Galaxy Mergers and the Mass-Metallicity Relation: Evidence for Nuclear Metal Dilution and Flattened Gradients from Numerical Simulations
David S. N. Rupke, Lisa J. Kewley, and Joshua E. Barnes (Institute for, Astronomy, University of Hawaii)

TL;DR
This paper uses numerical simulations to show that galaxy mergers cause nuclear metal dilution and flatten metallicity gradients due to inflow of low-metallicity gas, aligning with observed low nuclear oxygen abundances.
Contribution
It provides the first simulation-based confirmation that radial inflow during mergers explains low nuclear metallicities and predicts gradient flattening, advancing understanding of galaxy chemical evolution.
Findings
Nuclear oxygen abundances decrease during mergers due to gas inflow.
Radial metallicity gradients flatten shortly after first pericenter.

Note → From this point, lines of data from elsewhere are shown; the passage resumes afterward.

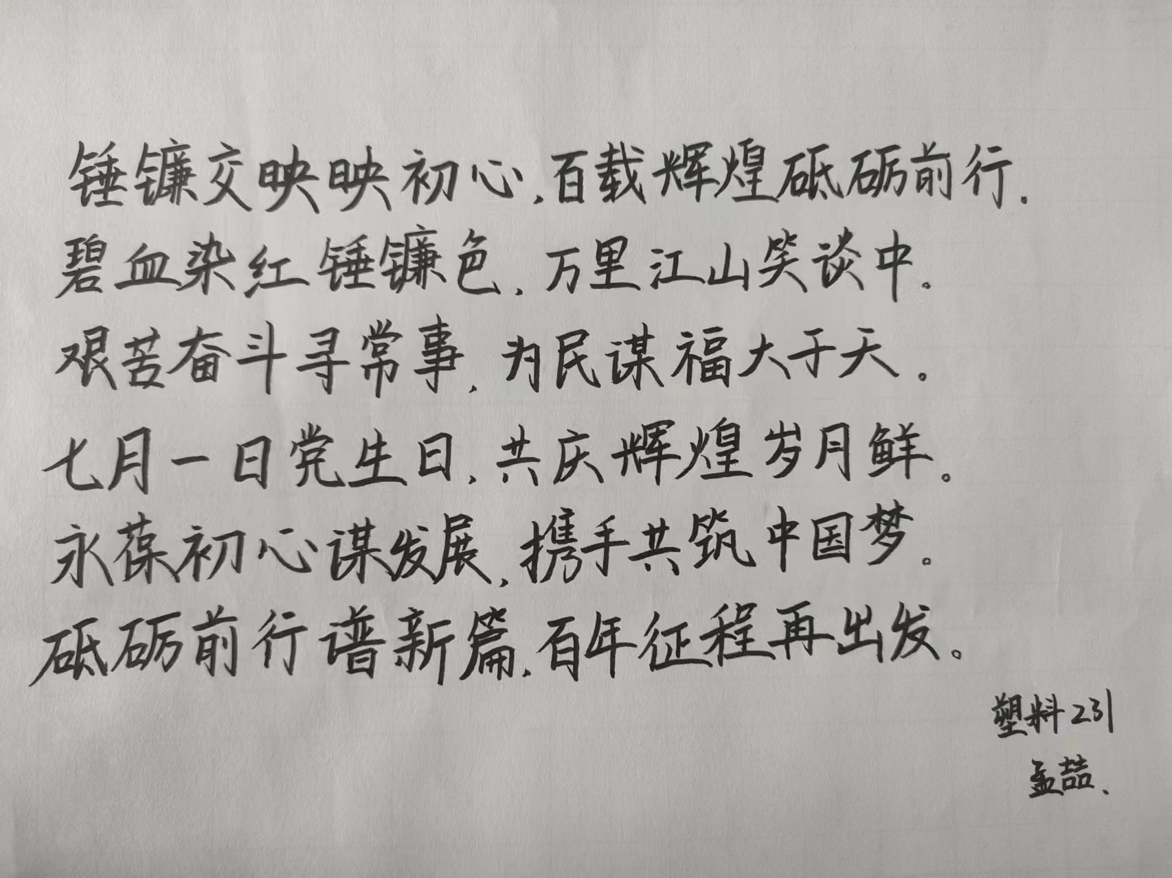 在中国共产党成立103周年来临之际,高分子学院团委号召全体同学,向国家、向中国共产党写下自己的三行情诗。用实际行动表达作为新时代广大青年的爱党爱国之情。
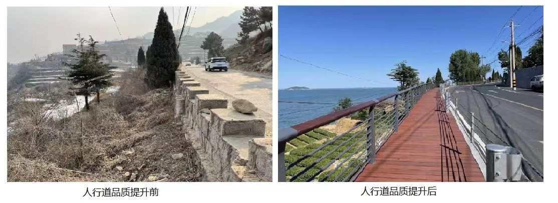 崂山风景区仰口至垭口区域的道路既是青岛重要的山海风景线,又是沿线6个社区居民出行的唯一主通道,在景观价值、地理位置、旅游资源等各方面都具有独特的生态优势和发展魅力。今年,崂山风景区结合全区乡村振兴工作,对这部分路段进行了全面的环境整治和品质提升。据介绍,该工程的实施实现了五个优化:一是空间视觉优化,实现架空线缆下地;二是道路弯度优化,增加行车舒适度、提升道路交通安全;三是村庄道路出入口优化,出入口布局更加合理;四是环境景观优化,周边环境与5A景区的要求更加契合;五是空间安全优化,增设人行步道,实现人车分离。经过专业的规划和改造,更是将原来的社区垃圾场变成了视野无敌的景观台,出行道路焕然一新,让社区居民的居住环境发生了质的飞跃。崂山区文旅委规划建设处处长李新萌说:“我们做品质提升工程的最终目标就是让景区社区居民的笑脸和质朴的笑声也变成崂山里面的风景线”。
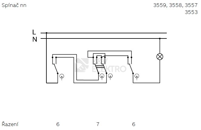 Křížový vypínač č. 7 3557G-A07940 B1 v krytí IP44 je dimenzované na proud 10 A a napětí 250 V. Spínač č. 7 má šroubové svorky pro vodiče 1-2,5 mm², upevnění může probíhat pomocí šroubků nebo drápků.
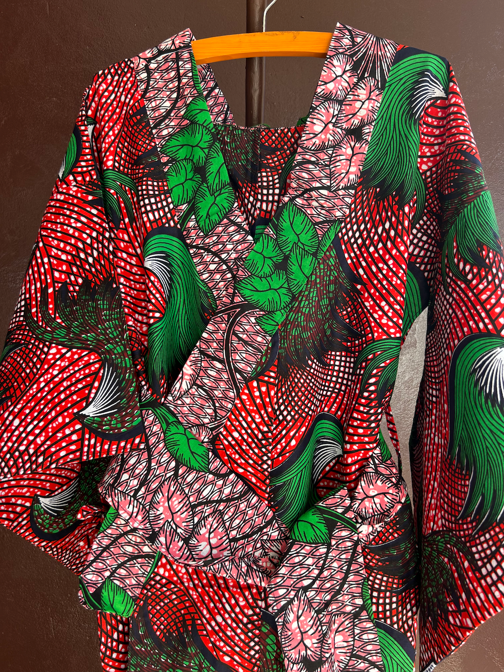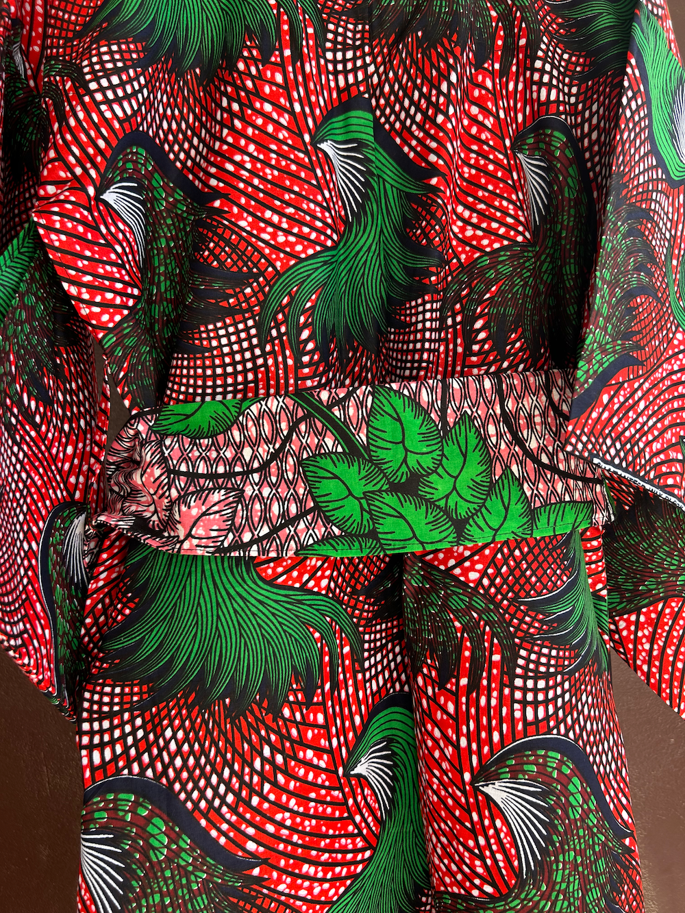 鮮やかで大胆な色彩と力強いパターンは、まさにアフリカンワックスの真骨頂。存在感のある佇まいで、街でも旅先でも「自分らしさ」をナチュラルに引き立ててくれます。
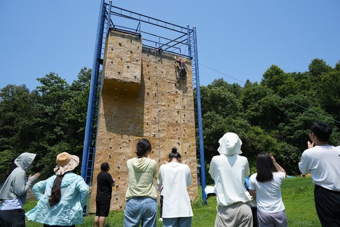 活动当天,来自ac米兰各单位的30余名青年教工齐聚靖安象湖湾生态园。首先是高空攀岩,参与者们勇敢地攀爬起陡峭的岩壁,挑战自己的极限,并相互鼓励与支持,展现出顽强的毅力和团队合作的精神。
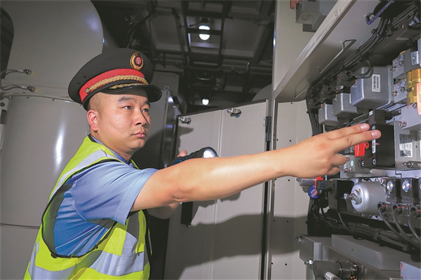 圖為韓二魯在檢查機(jī)車(chē)制動(dòng)柜各塞門(mén)狀態(tài)。周道剛 攝
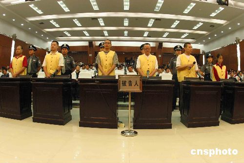 “一二·二三”中石油川东北气矿井喷特大安全事故七月十四日在重庆市第二中级人民法院开庭审理,事故中涉嫌重大责任事故罪的六名犯罪嫌疑人接受公开审判。作者:邹辉
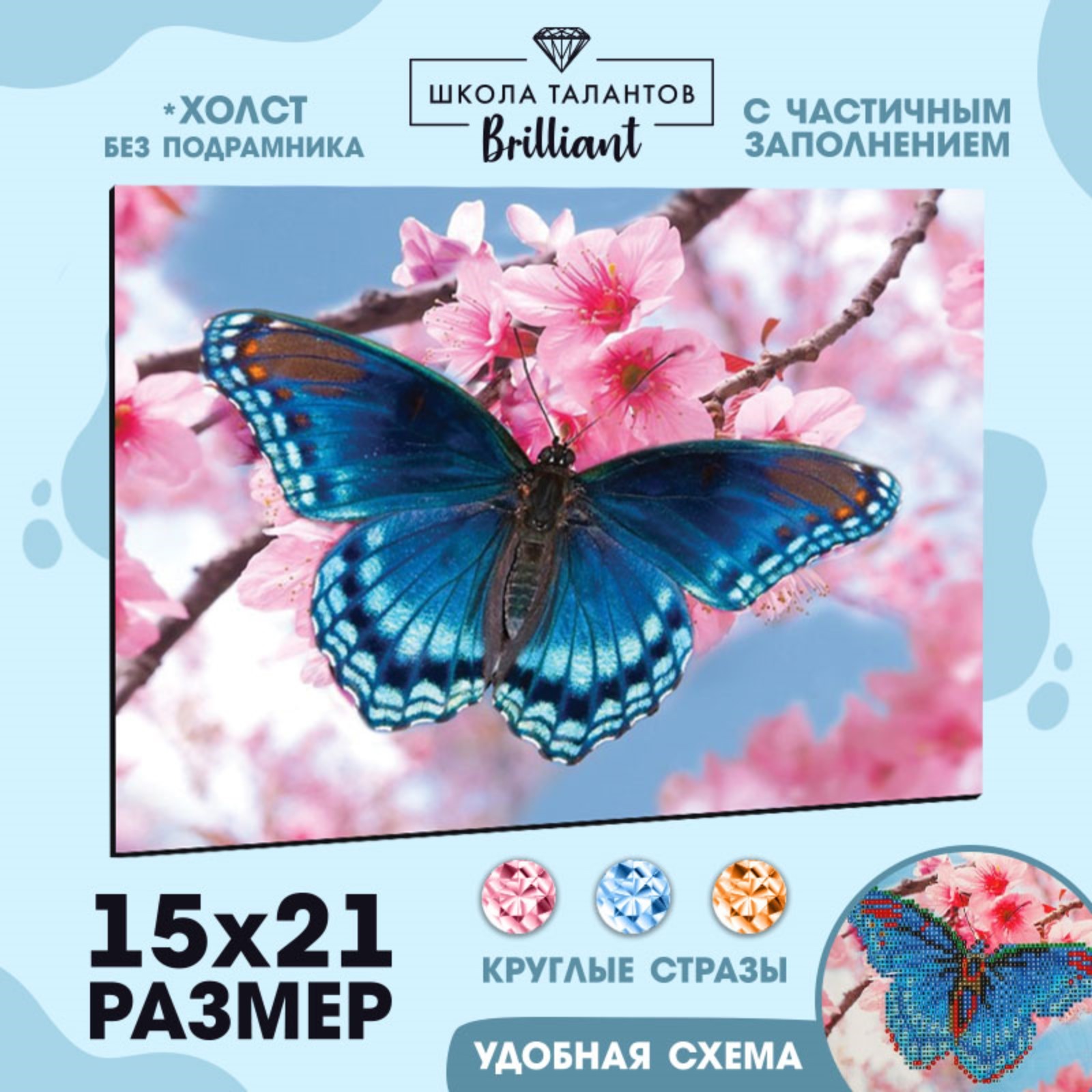 *Алмазная вышивка с частичн. заполн. "Бабочка" 15*21см., холст 5299771

Simulated abundance dilution matches observational data.
Abstract
Recent results comparing interacting galaxies to the mass-metallicity relation show that their nuclear oxygen abundances are unexpectedly low. We present analysis of N-body/SPH numerical simulations of equal-mass mergers that confirm the hypothesis that these underabundances are accounted for by radial inflow of low-metallicity gas from the outskirts of the two merging galaxies. The underabundances arise between first and second pericenter, and the simulated abundance dilution is in good agreement with observations. The simulations further predict that the radial metallicity gradients of the disk galaxies flatten shortly after first passage, due to radial mixing of gas. These predictions will be tested by future observations of the radial metallicity distributions in interacting galaxies.